To Puffin Thrush :>)
I hope you keep posting here on Common Dreams, and I am enjoying your thoughtful remarks very much.
To onemantribe:
Ditto the above remarks to yourself. I think we all recognize some eternal truths which you speak of. It reminds me of the visceral reaction to Thomas Jefferson's "We hold these truths to be self-evident..."
Your remark:
" We do not need men nor women to lead us, though guides are often needed."
It gets to the heart of the matter. It is the question now in my mind.
Wanting a leaderless world, attempting this on my many mountain trips, hoping for a pure democracy - I am reminded by time and circumstance, by direct observation, that leaders spontaneously arise given sufficient need.
It is almost as if a law of nature were in operation - a quantum fluctuation, if you will.
Is it possible that people can want a leaderless world and want and need a leader, both at the same time?

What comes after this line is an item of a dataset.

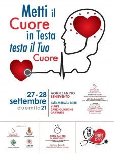 L’obiettivo principale della due giorni dell’iniziativa “METTI IL CUORE IN TESTA: TESTA IL TUO CUORE” è promuovere la buona salute cardiovascolare per tutta la Comunità del Sannio e, in particolare, per i pazienti che hanno già avuto un infarto, mantenendo i periodici controlli ambulatoriali raccomandati.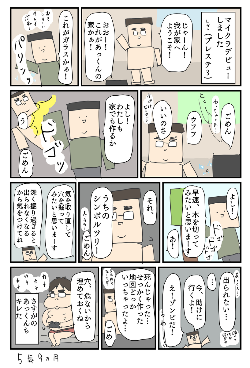 『やっしゅ、ゾンビやっつけるために。おとしあなつくるんだ!がんばんまでたどりつけるくらいふかいの!

This question I pose to all and sundry??
Manysummits
======
And I thought the earth was flat.
Well how about sprinkling some truth on this article ? Such as how the Roman Catholic church took over all beliefs based on their own lack of knowledge. The RC's sort of got lost in the road, when they found out that when they shout " Hooray", they were in fact worshiping the Egyptian Sun God. Once we got the thinking back in the lab and away from the alter we have regained some knowledge lost.
Bill Brown Pine City, Minnesota (( not the center of the universe )..

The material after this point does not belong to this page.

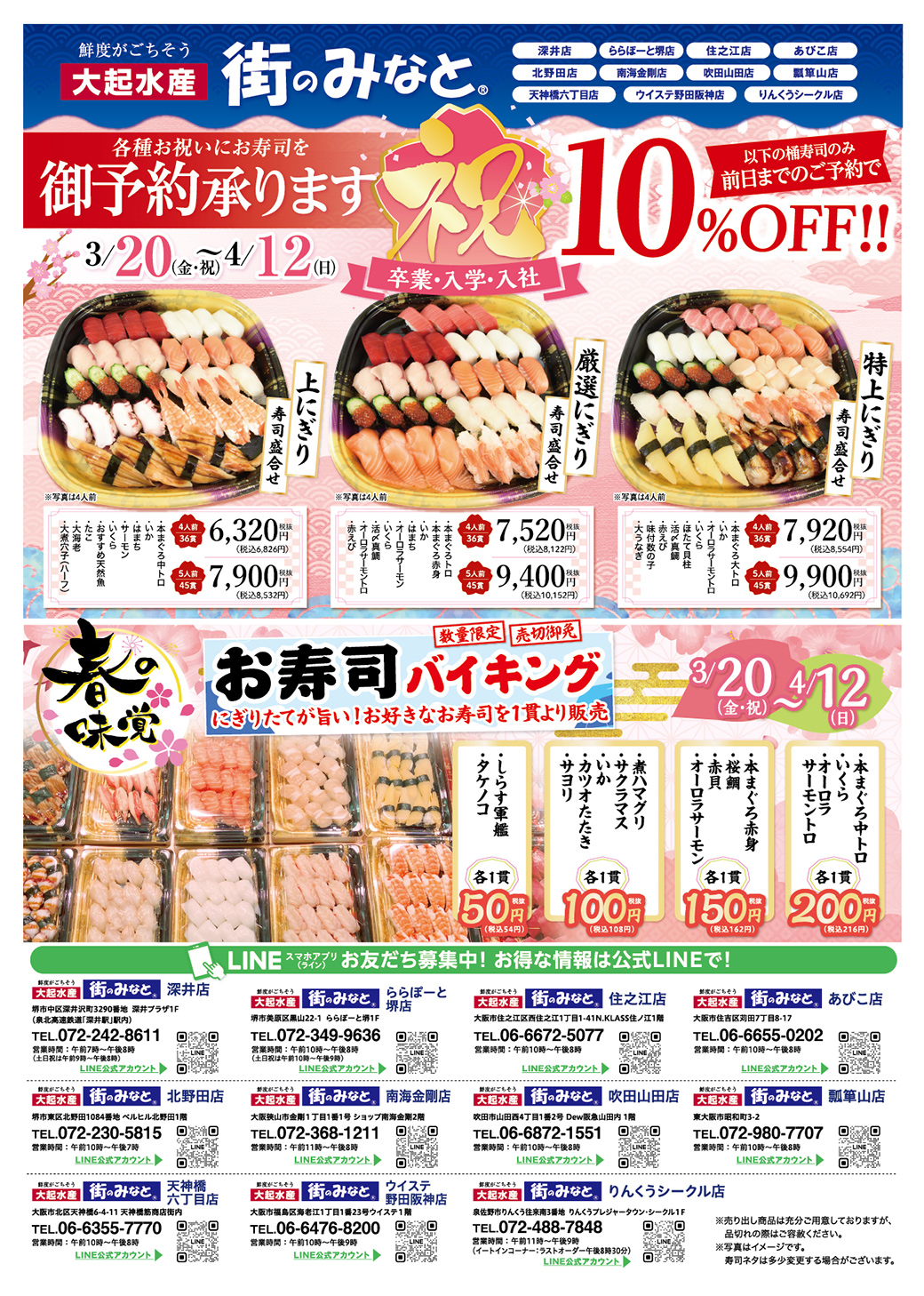 3月20日から4月12日までの期間、店頭では「お寿司バイキング」を実施いたします。

In Gaviotas (a sustainable community in Colombia), when the FARC (militant group) paid them a visit and held guns at them and said, "who's your leader?", they replied together, "We all are!"
bloodmeridian,
I agree with katrinelachatte. Your poetic news posts are always among your best contributions in the Comments section here on Common Dreams. Thanks.
Summer what? Who? Where?
Most Americans don't know they have birds in their yards let alone that the sun transits the sky every year in a helix! I bet most have not seen the moon in the last ten years. Or have ever noticed that it moves around the sky rather than just sits in one spot.

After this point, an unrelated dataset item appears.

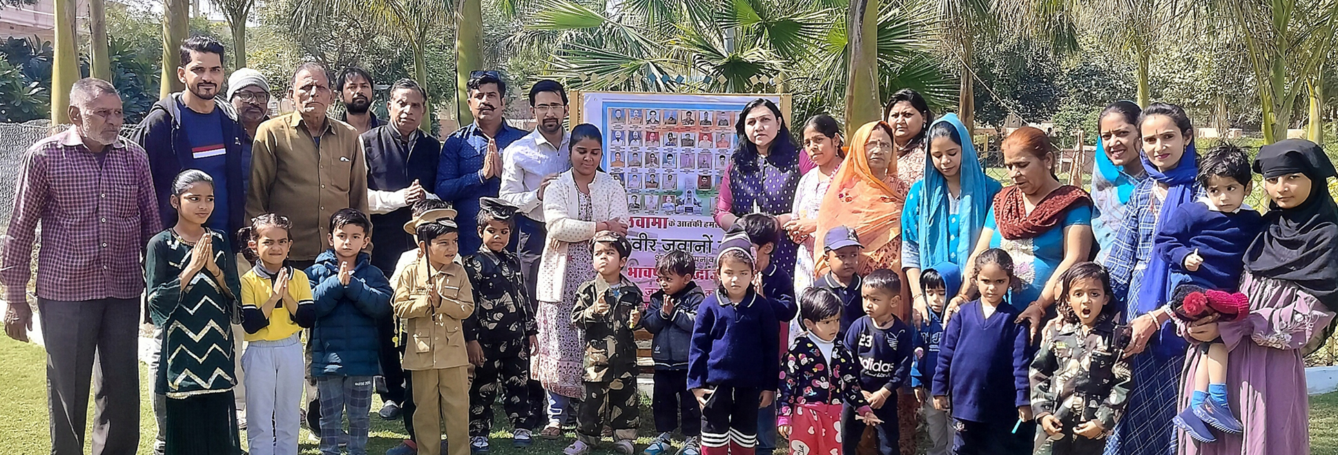 बीकानेर। ब्लू मून चैरिटेबल स्कूल और हरि प्यारी सेवा समिति के संयुक्त तत्वाधान में पुलवामा हमले में शहीद हुए वीर जवानों के प्रति श्रद्धांजलि सभा आयोजित की गई। इस दौरान उपस्थित सभी जनों ने देश की सुरक्षा के लिए बलिदान देने वाले सैनिकों को याद कर दो मिनट का मौन रखा। डॉ. अर्पिता गुप्ता ने विद्यार्थियों को शहीदों के बलिदान और समर्पण की महत्ता को समझाया। युवाओं से देश के प्रति अपने कर्तव्यों को निभाने की अपील की। इस मौके पर नरेश खत्री, विजय कपूर, स्नेहा शर्मा, प्रिया भार्गव, निशु लिम्बा,कौशलेश गोस्वामी, किशन लाल, कांता खत्री, परवीन बानो, पुष्पा सोनी, मोहित शर्मा, शिखा चौधरी, रोहित शर्मा, मुकेश पंडित, ओम प्रकाश बिनावर, लीलावती बिनावर, नरेंद्र सिंह, अनु जांगिड़, कमल सांखला, शिवानी भावना, सिंह आदि उपस्थित थे।

Petroleum man has his head stuck in his gadgets...
I hope this may be considered on "topic."
------------------------------------------
Cathedrals
Far out at sea, the unbroken great blue circle
Ever changing yet ever the same.
Standing on the bowsprit I gaze into the deep, clear, blue depths
Or out to the horizon. Sometimes there are dolphins!
At night, the heavens are filled with myriad stars, far more than are seen on land.
They stretch out to infinity, eternity,
The only human interlopers,
The satellites moving in their straight lines from horizon to horizon.
Below in my bunk I am lulled by the quiet hiss of the bow wave,
The rasping zzzzip of passing dolphins,
Distant songs of humpbacked whales echoing from the deep,
And the quiet tread of watchstanders passing on the deck above my head.
Diving on the reef, I pass beneath the stands of kelp
Rising like fluted columns
Which spread overhead, muted light filtering to the sea floor
Like sunlight through stained glass
Walking on the floor of a great virgin forest,
The first branches spread a hundred feet overhead.
Wild rhododendrons provide splashes of color
And my gaze stretches for miles.
Standing on a windswept ridge, gazing at a rugged, snow shrouded peak.
Mighty rivers look like tiny rivulets, running from beneath the glaciers.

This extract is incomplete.